In 2021, the university’s journalism school courted Nikole Hannah-Jones, Pulitzer Prize-winning journalist and founder of the controversial 1619 Project, for a tenured chair in Race and Investigative Journalism at the university’s Hussman School of Journalism and Media. 

After Hannah-Jones drew criticism from faculty regarding her work on the 1619 project, however, UNC offered her a 5-year contract rather than the usual tenured position. 

[RELATED: ANALYSIS: Critical Race Theorist Nikole Hannah-Jones should not be headlining an MLK event]

The NY Times’s 1619 Project, headed by Hannah-Jones, attempts to redefine the nation’s founding and history around the first arrival of slaves in the colonies in 1619. 

UNC’s refusal to grant the tenured position to Hannah-Jones drew intense backlash from faculty and students, as well as academics and journalists.
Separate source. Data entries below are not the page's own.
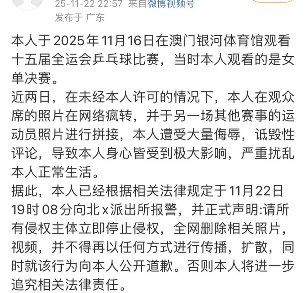 孙颖莎粉丝16号看的比赛,被恶意拼接到19号女团决赛河北队对山东队比赛中,遭受大量外貌、身材、人品等恶意网暴,现已报警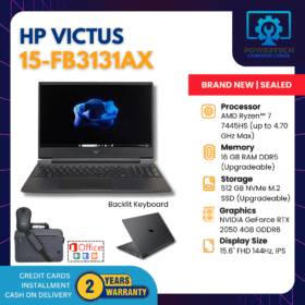 HP | ₱56,999.00 | Intel i5 | 16 GB DDR4 | 512 GB SSD | NVIDIA GeForce RTX 2050 Laptop GPU 4GB GDDR6 | 15.6" Full HD | ||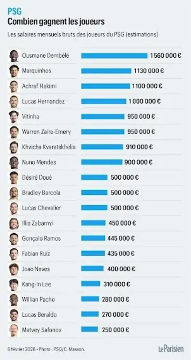 За інформацією джерела, найбільший оклад має володар «Золотого м'яча» 2026 року Усман Дембеле. На рахунок нападника раз на місяць надходить платіж у розмірі мільйон 560 тисяч євро (до сплати податків).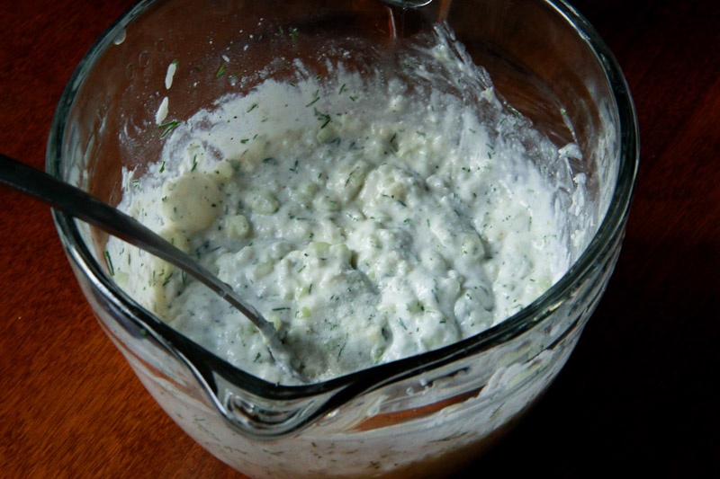 Tzaziki is a yogurt based sauce that is served in most Greek restaurants along with dishes like falafel, souvlaki, and gyros. It contains cucumber, garlic, lemon juice and fresh dill. Its super simple, but it packs a flavor punch and pulls this dish together nicely. Follow these instructions if you feel like adding a homemade sauce to your repertoire: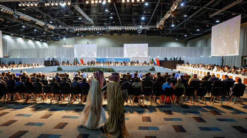 Президент Белоруссии увидел в прошедшем мероприятии большой прорыв в борьбе с западной гегемонией. Фото: Reuters / POOL Прошедший саммит БРИКС и дальнейшее расширение этого союза — сильный шаг на пути к многополярному миру. Так президент Белоруссии Александр Лукашенко оценил итоги мероприятия в Йоханнесбурге. «Есть о чем думать и о чем задуматься. Это очень сильный шаг к многополярному миру», — приводит его слова агентство Белта. Однако западная гегемония пока не закончилась, отметил белорусский президент. Но он убежден, что страны БРИКС и их планы заставили напрячься политиков высокого уровня. Так Лукашенко описал свое видение прошедшего мероприятия. Пятнадцатый саммит БРИКС проходил в Йоханнесбурге с 22 по 24 августа. Эксперты считают его «переломным моментом» в мировой политике. После заявления о расширении союза свое желание вступить в него выразили около 30 государств, среди которых Аргентина, Иран, Саудовская Аравия, Египет, ОАЭ и Эфиопия. На встрече от Белоруссии присутствовал г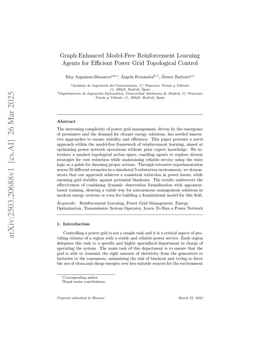 The increasing complexity of power grid management, driven by the emergence of prosumers and the demand for cleaner energy solutions, has needed innovative approaches to ensure stability and efficiency. This paper presents a novel approach within the model-free framework of reinforcement learning, aimed at optimizing power network operations without prior expert knowledge. We introduce a masked topological action space, enabling agents to explore diverse strategies for cost reduction while maintaining reliable service using the state logic as a guide for choosing proper actions. Through extensive experimentation across 20 different scenarios in a simulated 5-substation environment, we demonstrate that our approach achieves a consistent reduction in power losses, while ensuring grid stability against potential blackouts. The results underscore the effectiveness of combining dynamic observation formalization with opponent-based training, showing a viable way for autonomous management solutions in modern energy systems or even for building a foundational model for this field.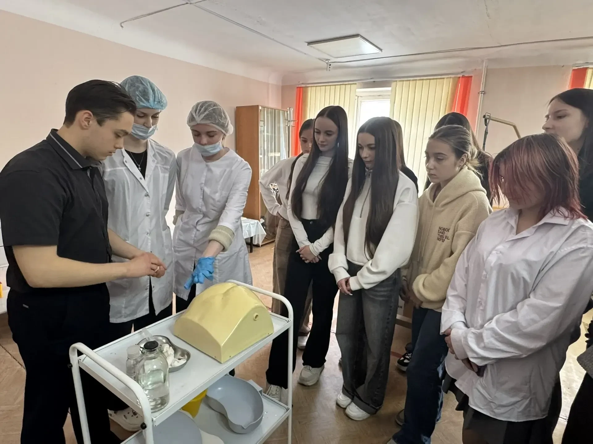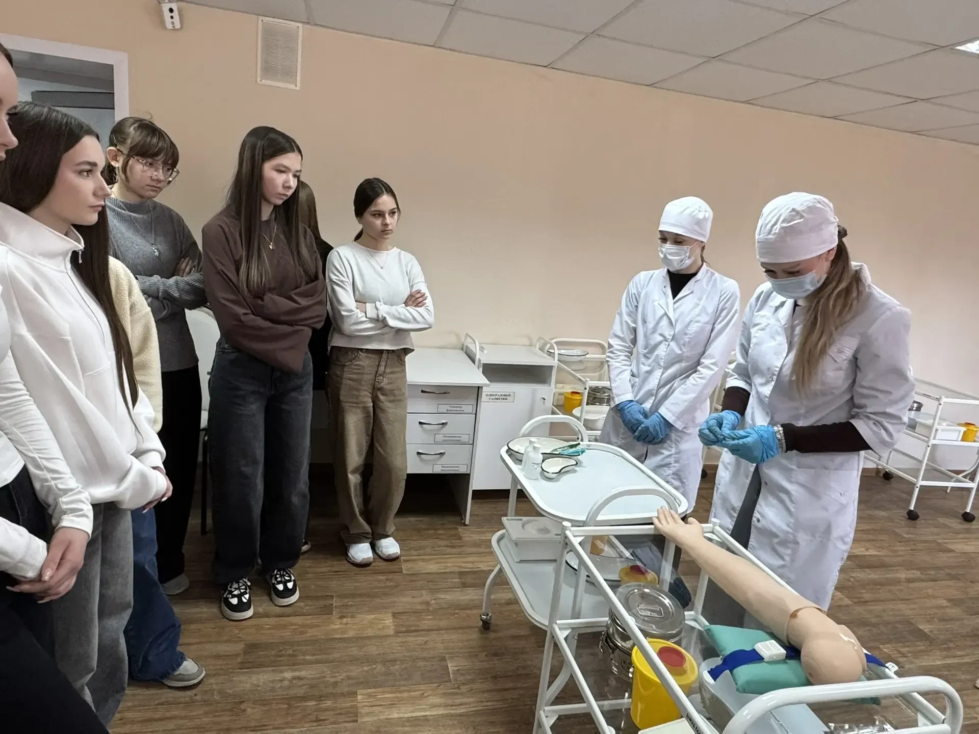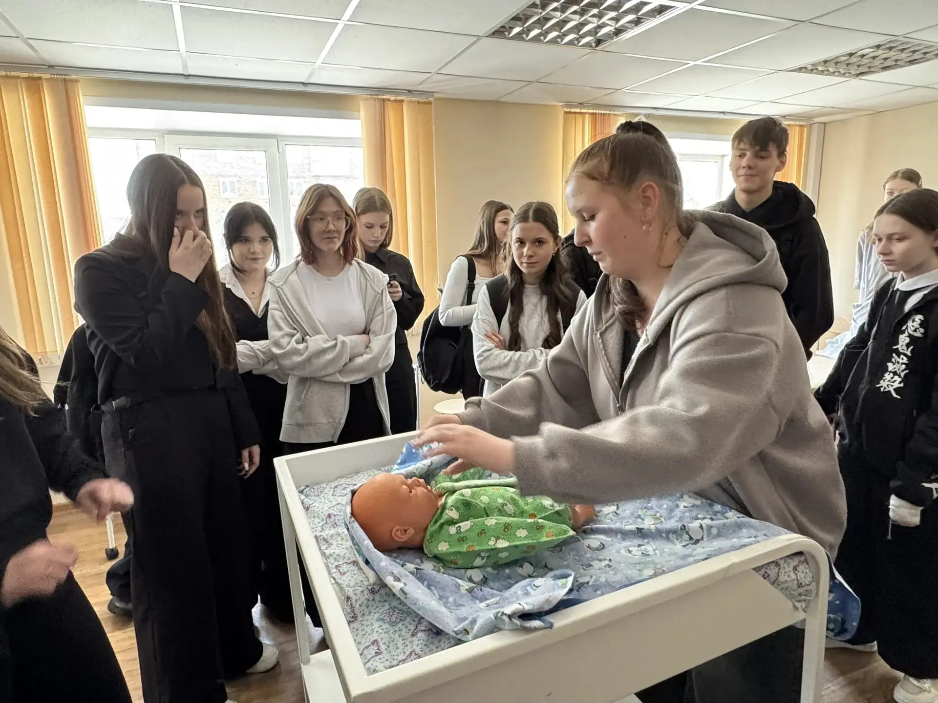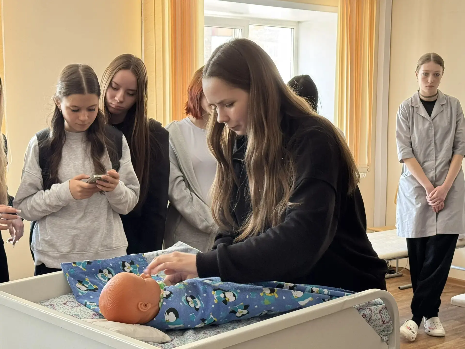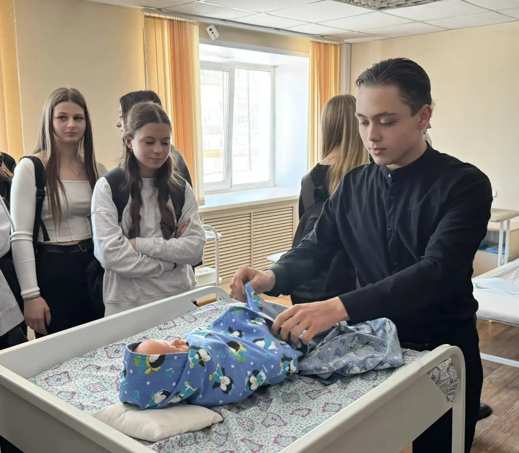 ✅Учащиеся смогли познакомиться с профессиями, связанными с медициной: сначала познакомились с основными направлениями подготовки будущих специалистов, узнали о требованиях к поступлению и учебе в медицинском колледже. Затем школьники приняли участие в мастер-классах, где попробовали себя в роли настоящих медиков — учились измерять давление, пеленать малыша, оказывать первую медицинскую помощь.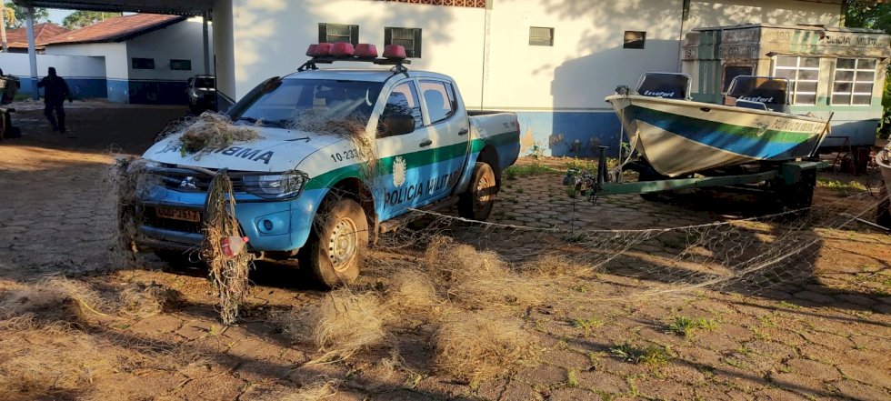 PMA mantém vigilância de cardumes no rio Dourados e apreende 16 redes de pesca, três cordas de espinheis com 60 anzóis e 208 anzóis de galho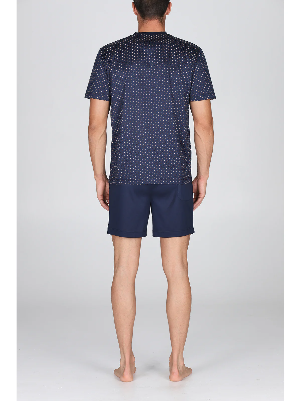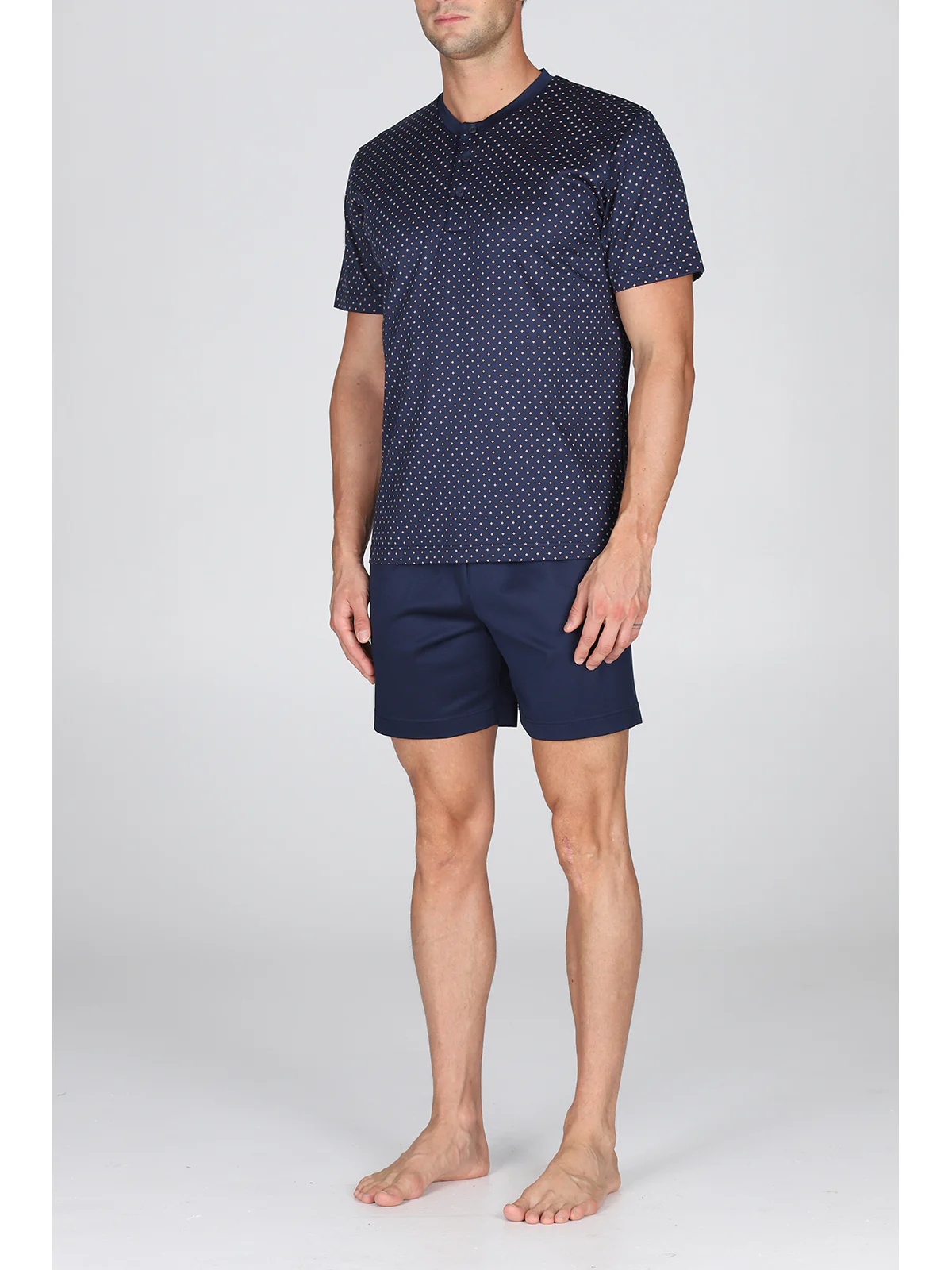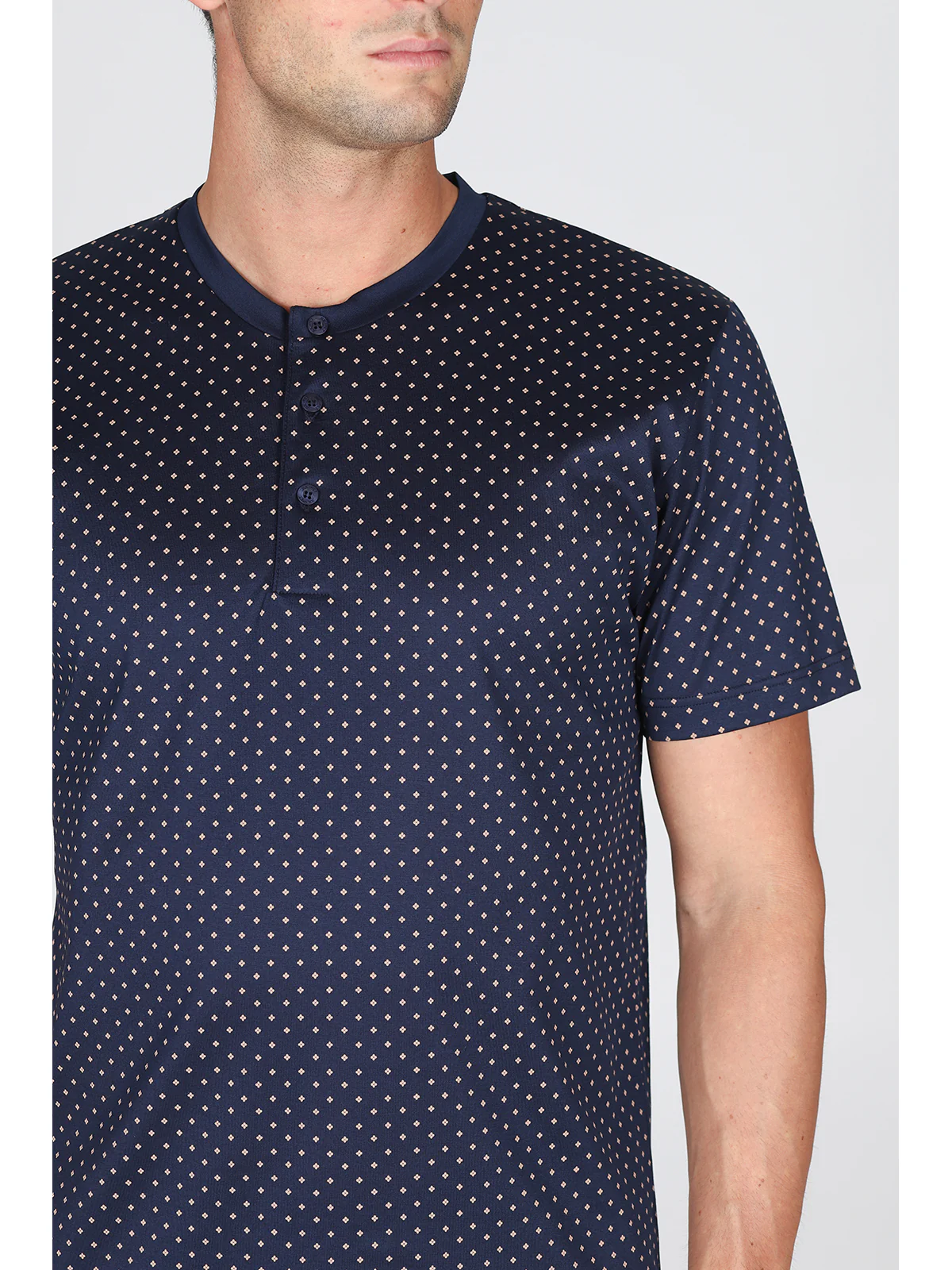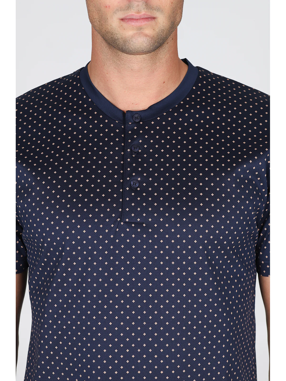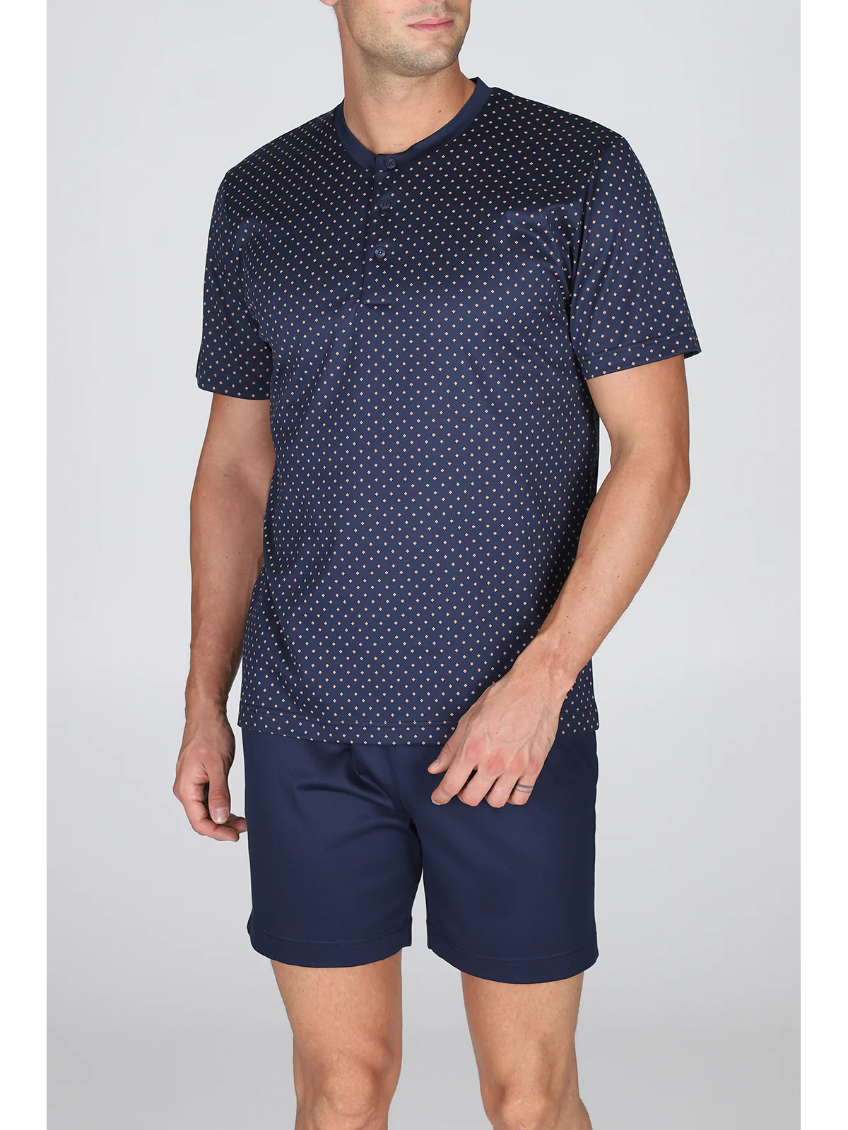 Maglia serafino a manica corta Fantasia cravatteria Pantaloncino in tinta unita Peso leggero per un connubio di comfort e raffinatezza Esclusivo jersey leggero, lucido e consistente Perfetta definizione dei disegni e tocco impalpabile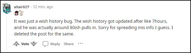 Bài đăng này đã thu hút khoảng gần 2000 lượt upvote và gần 300 bình luận, với những người tham gia 'đếm hộ' xác nhận rằng trong lịch sử quay của altair827 có đến hơn 90 lần quay trước khi Baizhu xuất hiện. Sau khi nhận được lời khuyên của cộng đồng, 'khổ chủ' xác nhận mình đã gửi ticket đến miHoYo để nhờ hỗ trợ.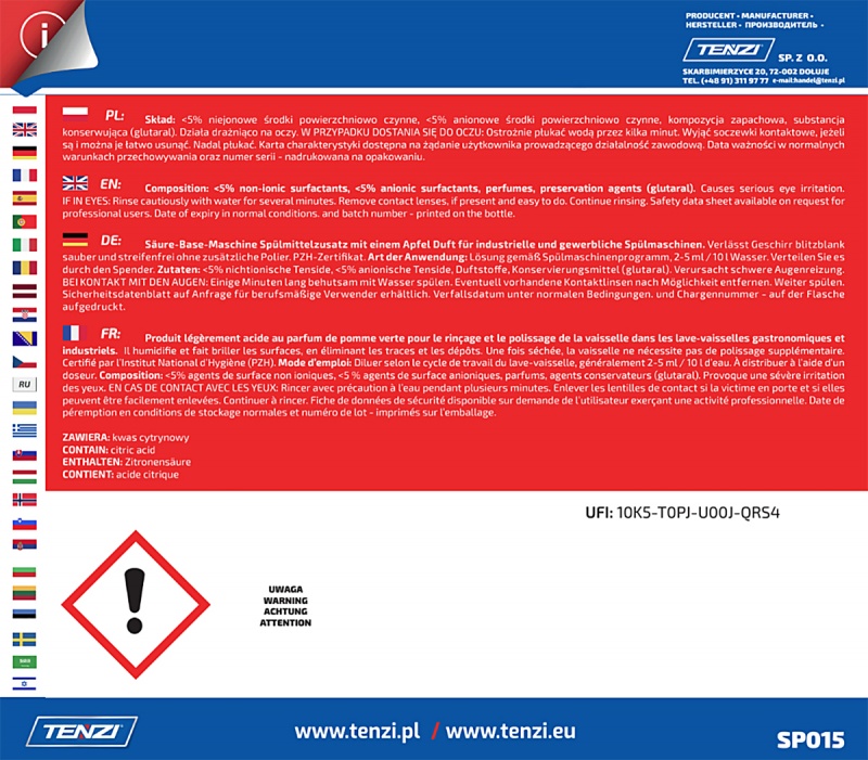 idealnie myje i nabłyszcza naczynia w zmywarkach gastronomicznych i przemysłowych
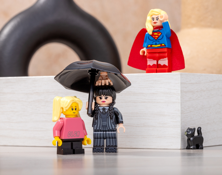 • Minifigura Lego personalizada. • Tarjeta recordatoria.

Hannah-Jones subsequently informed the university that she was considering legal action

Because of the pressure placed on the board of trustees, and the threatened litigation, on June 30 of 2021 UNC decided to backtrack and grant Hannah-Jones tenure.

[RELATED: Nikole Hannah-Jones brags about tricking audience into thinking MLK quotes were her words]

Instead, in July of that year, Hannah-Jones accepted a similar position at Howard University in Washington D.C., where she raised more than $20 million for the Center for Journalism and Democracy at the university. 

According to the student newspaper The Daily Tar Heel, the amount of Hannah-Jones’s settlement with UNC-Chapel Hill is $74,999.99.

UNC-Chapel Hill’s media relations team provided Campus Reform with the following quote from David Boliek UNC-Chapel Hill Board of Trustees: “The steps taken to resolve the lingering potential legal action posed by Ms. Hannah-Jones will hopefully help to close this chapter and give the University the space to focus on moving forward.”

Campus Reform reached out to current students attending UNC for Chapel Hill for comment. This article will be updated accordingly.